ERROR: unable to write data: [Errno 32] Broken pipe



Import some packages. Not much to see here.

In [9]:
import os
import json
import base64
from glob import glob           # <–– grabs the function glob()
from openai import OpenAI

## Setting Up Video Captioning with Inference API

### Getting Your API Key

First thing - grab your Inference API key from [https://inference.net/dashboard/api-keys](https://inference.net/dashboard/api-keys).

### Configuration

Set your base URL to `https://api.inference.net/v1` so requests route to Inference instead of OpenAI. We're using the `google/gemma-3-27b-instruct/bf-16` model - it's compact but handles images really well.

### System Message

Configure your system message to tell the model it's a captioning service. Basically you're saying "your job is to analyze video frames and write captions describing what's happening."

### Image Quality Matters

This is important - use the highest quality frames you can. The model does well with text recognition and fine details, but only if it can actually see them clearly. Blurry or low-res images will hurt your results.

In [13]:
API_KEY = os.getenv("INFERENCE_API_KEY")
MODEL   = "google/gemma-3-27b-instruct/bf-16"
SYSTEM_MSG = """
You are a JSON-only image analysis API specializing in YouTube keyframes.
Generate one concise caption that describes what's happening across all these frames.
Respond only with a JSON object:

{"caption": "…"}
""".strip()

client = OpenAI(base_url="https://api.inference.net/v1", api_key=API_KEY)

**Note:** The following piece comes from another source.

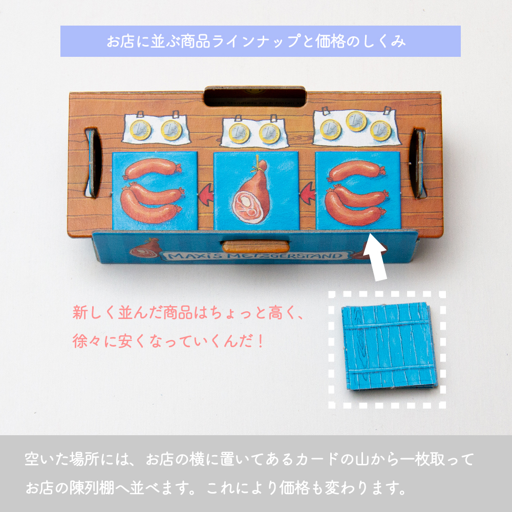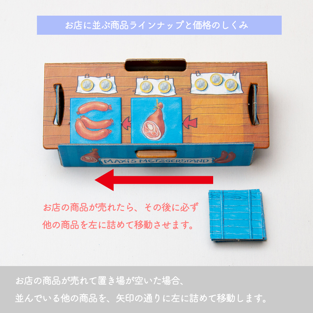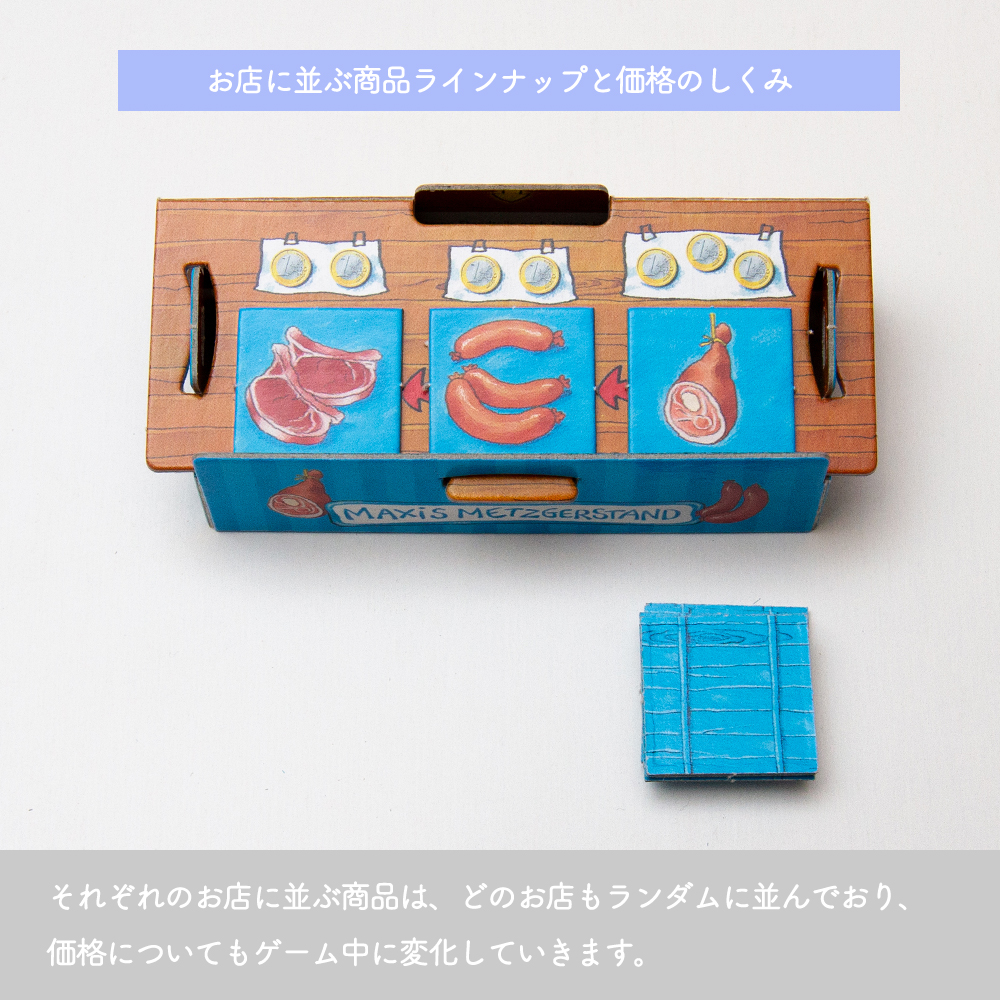 お店に並んでいる商品はランダムに並んでおり、価格もゲームが進行中に変動します。

To pass images to our VLM API, we need to first encode them into base64:

In [14]:
data_uris = []
for filepath in sorted(glob("keyframes/*.jpg")):   # now glob(...) works!
    with open(filepath, "rb") as f:
        b64 = base64.b64encode(f.read()).decode("utf-8")
    data_uris.append(f"data:image/jpeg;base64,{b64}")

Now let's generate an image. We'll define a json schema so the model has to give us a valid caption.

To learn more about json schemas check out the [structured output docs](https://docs.inference.net/features/structured-outputs).

In [19]:
resp = client.chat.completions.create(
    model=MODEL,
    messages=[
        {"role": "system", "content": SYSTEM_MSG},
        {
            "role": "user",
            "content": [
                {"type": "text", "text": "Here are 5 keyframes from a YouTube video. Generate a single caption."},
                *[
                    {"type": "image_url", "image_url": {"url": uri}}
                    for uri in data_uris
                ]
            ],
        },
    ],
    response_format = {
        "type": "json_schema",
        "json_schema": {
            "name": "video_caption",
            "strict": True,
            "schema": {
                "type": "object",
                "properties": {
                    "caption": {
                        "type": "string",
                        "description": "A concise caption describing what's happening across all the video frames"
                    }
                },
                "required": ["caption"],
                "additionalProperties": False
            }
    }
}
)

# — OUTPUT RESULT —
print(json.dumps(resp.choices[0].message.content, indent=2))

"{\"caption\": \"A couple experiences a date night at an amusement park with escalating costs, ultimately leading to a close moment between them.\"}"


Great! We got a good caption. Not as good as the one we would get with the full transcript, but still impressive, considering we passed only 5 images.

In production, we may want to fine-tune a model to do this task even more cheaply and effectively, depending on the scale!